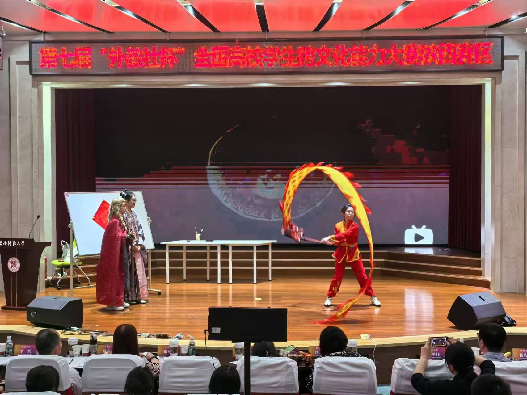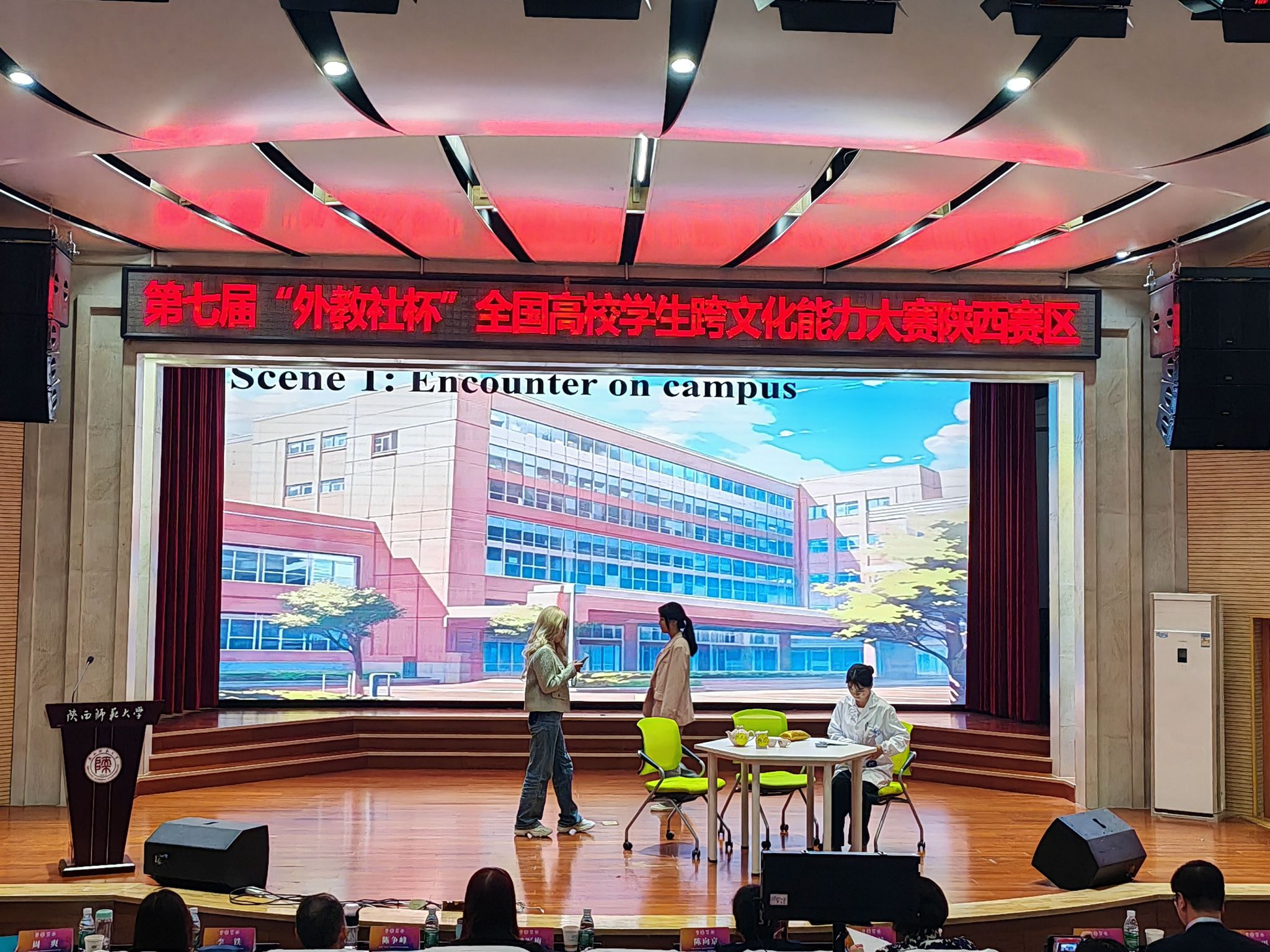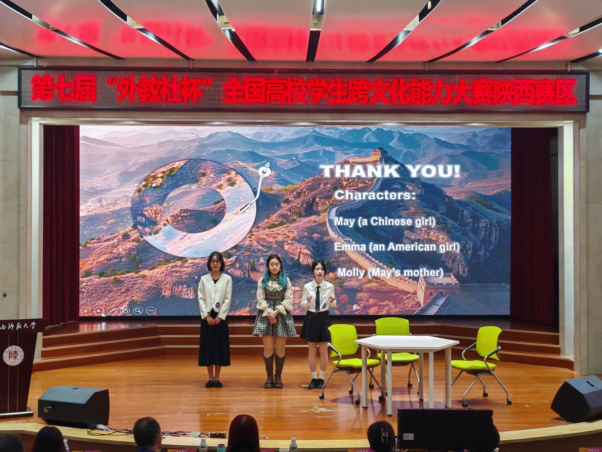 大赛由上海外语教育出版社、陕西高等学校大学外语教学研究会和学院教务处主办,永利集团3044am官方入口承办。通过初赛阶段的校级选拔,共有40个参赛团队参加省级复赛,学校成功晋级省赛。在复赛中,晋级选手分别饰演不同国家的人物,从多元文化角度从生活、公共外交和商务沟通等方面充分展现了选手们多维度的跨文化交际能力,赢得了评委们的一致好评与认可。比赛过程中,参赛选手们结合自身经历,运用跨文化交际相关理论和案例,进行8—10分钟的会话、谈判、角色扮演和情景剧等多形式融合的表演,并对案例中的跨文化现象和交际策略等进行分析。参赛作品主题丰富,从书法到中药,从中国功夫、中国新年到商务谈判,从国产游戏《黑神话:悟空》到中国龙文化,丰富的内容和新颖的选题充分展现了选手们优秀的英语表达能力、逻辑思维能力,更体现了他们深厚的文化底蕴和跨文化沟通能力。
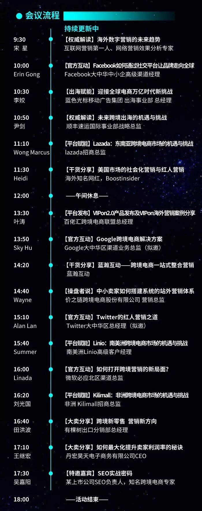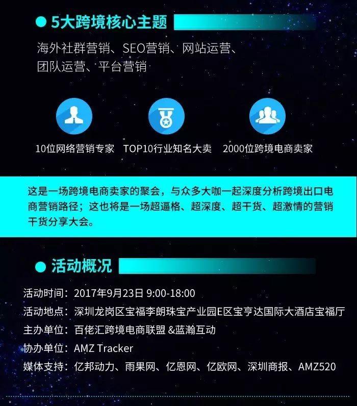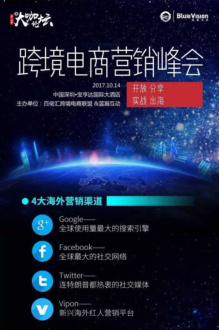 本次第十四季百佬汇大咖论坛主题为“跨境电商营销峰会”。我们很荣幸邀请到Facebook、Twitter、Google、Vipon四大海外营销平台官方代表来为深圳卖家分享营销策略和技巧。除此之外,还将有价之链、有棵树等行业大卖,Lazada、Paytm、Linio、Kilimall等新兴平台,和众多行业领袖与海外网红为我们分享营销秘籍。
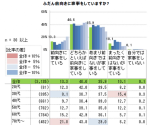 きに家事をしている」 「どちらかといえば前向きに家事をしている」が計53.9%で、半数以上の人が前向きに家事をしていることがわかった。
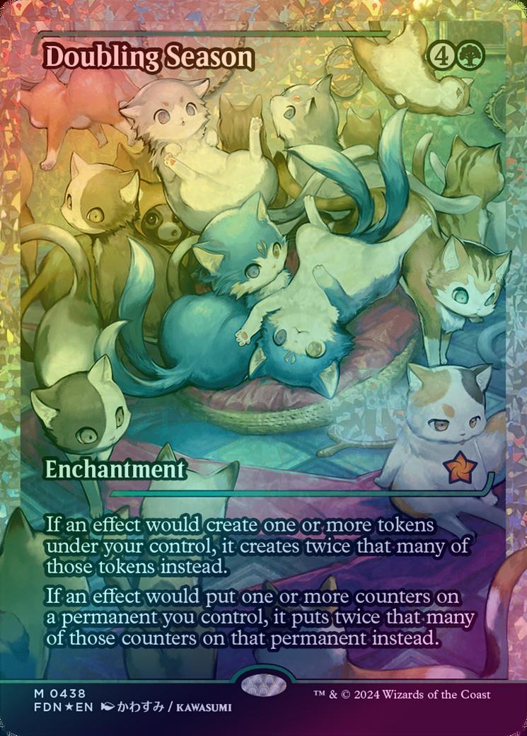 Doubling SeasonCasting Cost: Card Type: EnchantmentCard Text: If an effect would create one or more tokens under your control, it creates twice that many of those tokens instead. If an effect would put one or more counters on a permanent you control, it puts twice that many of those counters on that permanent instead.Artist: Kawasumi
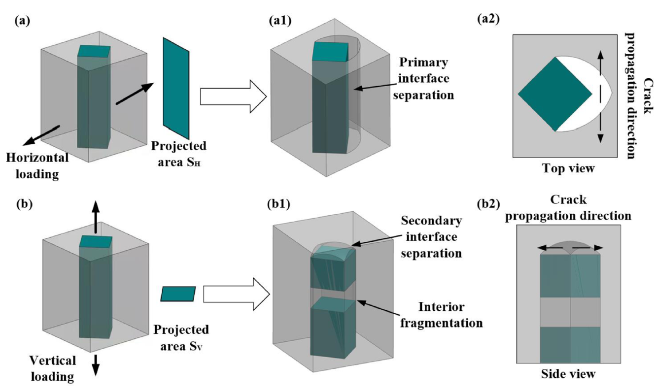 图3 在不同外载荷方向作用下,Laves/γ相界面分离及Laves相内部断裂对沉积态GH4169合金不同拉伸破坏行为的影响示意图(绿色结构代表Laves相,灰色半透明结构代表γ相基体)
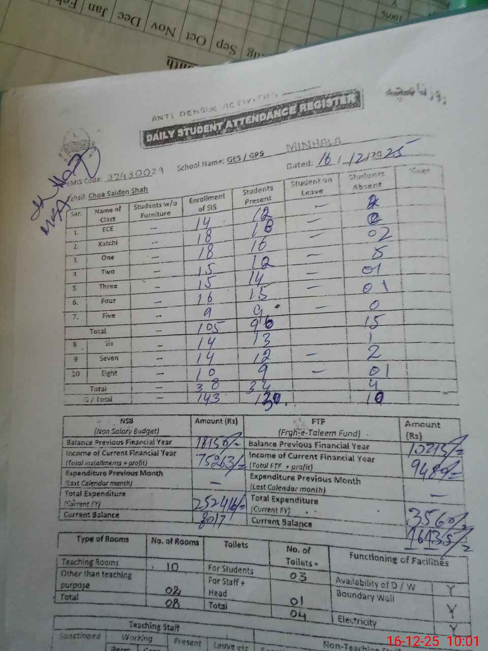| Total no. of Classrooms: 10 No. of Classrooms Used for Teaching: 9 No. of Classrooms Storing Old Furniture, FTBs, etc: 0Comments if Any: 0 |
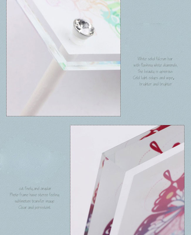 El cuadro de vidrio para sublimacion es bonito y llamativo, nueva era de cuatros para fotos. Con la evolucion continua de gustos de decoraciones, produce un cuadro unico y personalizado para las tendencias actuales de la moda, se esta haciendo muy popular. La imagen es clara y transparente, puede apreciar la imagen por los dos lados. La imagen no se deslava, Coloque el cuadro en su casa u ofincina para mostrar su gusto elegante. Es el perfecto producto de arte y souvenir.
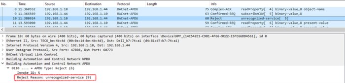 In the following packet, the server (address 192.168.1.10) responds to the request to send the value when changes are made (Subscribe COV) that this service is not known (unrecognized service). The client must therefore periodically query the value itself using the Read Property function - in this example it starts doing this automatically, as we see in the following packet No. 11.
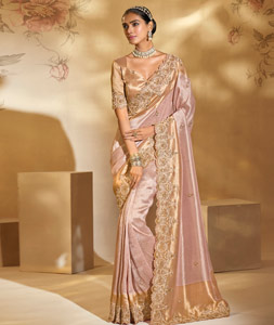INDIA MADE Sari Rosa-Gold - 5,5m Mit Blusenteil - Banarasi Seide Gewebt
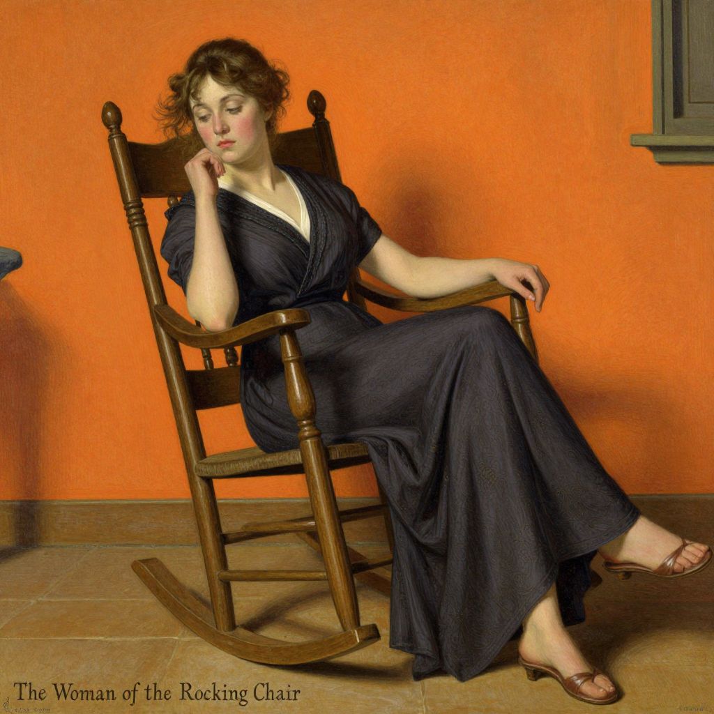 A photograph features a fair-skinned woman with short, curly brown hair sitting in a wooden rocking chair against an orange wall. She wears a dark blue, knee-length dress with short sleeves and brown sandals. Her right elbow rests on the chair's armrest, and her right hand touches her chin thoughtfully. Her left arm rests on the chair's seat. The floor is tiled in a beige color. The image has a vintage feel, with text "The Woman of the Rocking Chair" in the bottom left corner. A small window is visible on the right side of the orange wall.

### What is required
Skipping every picture, transcribe exactly the lines above from the one containing "きに家事をしている」 「どち" through the one containing "El cuadro de", both included.

### Worked solution
 きに家事をしている」 「どちらかといえば前向きに家事をしている」が計53.9%で、半数以上の人が前向きに家事をしていることがわかった。
 Doubling SeasonCasting Cost: Card Type: EnchantmentCard Text: If an effect would create one or more tokens under your control, it creates twice that many of those tokens instead. If an effect would put one or more counters on a permanent you control, it puts twice that many of those counters on that permanent instead.Artist: Kawasumi
 图3 在不同外载荷方向作用下,Laves/γ相界面分离及Laves相内部断裂对沉积态GH4169合金不同拉伸破坏行为的影响示意图(绿色结构代表Laves相,灰色半透明结构代表γ相基体)
| Total no. of Classrooms: 10 No. of Classrooms Used for Teaching: 9 No. of Classrooms Storing Old Furniture, FTBs, etc: 0Comments if Any: 0 |
 El cuadro de vidrio para sublimacion es bonito y llamativo, nueva era de cuatros para fotos. Con la evolucion continua de gustos de decoraciones, produce un cuadro unico y personalizado para las tendencias actuales de la moda, se esta haciendo muy popular. La imagen es clara y transparente, puede apreciar la imagen por los dos lados. La imagen no se deslava, Coloque el cuadro en su casa u ofincina para mostrar su gusto elegante. Es el perfecto producto de arte y souvenir.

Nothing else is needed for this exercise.